On January 4, John McLaughlin celebrated his 80th birthday – but he shows no sign of slowing down. “I will not pass the day without meditation and yoga,” he tells Uncut. “It’s like eating breakfast. It’s as stimulating for me as working with Herbie or Miles.” McLaughlin is speaking to Uncut on Zoom from his home in Monaco, where he has lived since the 1980s, and where he still practises the guitar every day. “For me, playing electric guitar is like riding a motorbike – it comes easily. But the acoustic guitar, that’s like riding a pushbike in the Tour de France. It’s hard, physical work and I need to keep myself in shape. Since Covid, I’ve barely been able to play live, and I feel like an athlete preparing for a race that’s never happening. But I’ll keep on doing it.”
McLaughlin was born in Doncaster, although, having lived around the world for more than 50 years, he has long lost any traces of Yorkshire from his speech. As a teenager, he relocated to London where – by the time he was 25 – had assembled the kind of CV that most rock musicians would kill for. He’d played guitar with everyone from the Stones and Tom Jones to Georgie Fame and The Four Tops, and worked with top-flight producers including George Martin, Burt Bacharach and Tony Visconti. But despite these substantive achievements, something wasn’t right.
“The problem is that, as a session player, you had no autonomy,” McLaughlin says. “You were told exactly what to play. For a creative musician, this is torture.” So, in mid-1967, McLaughlin jacked in his lucrative session career to concentrate on his first love – jazz. Only 18 months later he found himself flying out to New York where, within a few days, he was recording with some of his jazz heroes and helping to create a brand new genre: jazz rock.

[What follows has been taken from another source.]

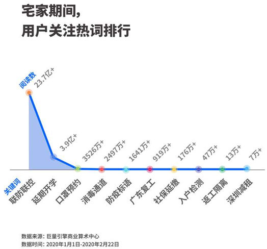 在1月1日至2月22日的頭條用戶閱讀數(shù)據(jù)中,聯(lián)防聯(lián)控、延期開學、口罩預約成為頭條平臺上最熱的關(guān)鍵詞前三位。此外、社保延繳、返工隔離等政府措施都被疫情下的手機用戶頻繁閱讀。

McLaughlin became the first-choice guitarist for every jazzer who wanted to plug in and connect with the world of rock’n’roll, and for every rocker who wanted some jazz intensity. In 1969, he kicked off a friendship with Miles Davis, one that would
last until Miles’ death in 1991. He fronted the pioneering Lifetime, with fellow Miles alumni Tony Williams on drums, and formed the Mahavishnu Orchestra, a jazz-rock supergroup that could pack arenas around the world.
In the last 50 years McLaughlin has immersed himself in dozens of genres – North and South Indian classical music, heavy-duty fusion, Hammond funk, flamenco, contemporary orchestral music and straight-ahead jazz. Much of it is compiled in his latest album, a collection of live performances that McLaughlin has played at the Montreux Jazz Festival over the last half century. “I think I’ve played Montreux 21 times with more than 50 different musicians,” he says. “The eight tracks on this album are something of a greatest hits for me.”
What’s your first memory of the Montreux Jazz Festival?
I first went in 1971. It was already well established, but it would soon become the most important jazz festival on the planet. I’ve been playing there since the mid-’70s, it’s such a beautiful part of the world. I always loved the late Claude Nobs, who founded the festival in 1967. He was actually a chef but he was so passionate about jazz and soul that he started this festival for the Montreux Tourist Office. One man’s passion changed the entire economy of Switzerland!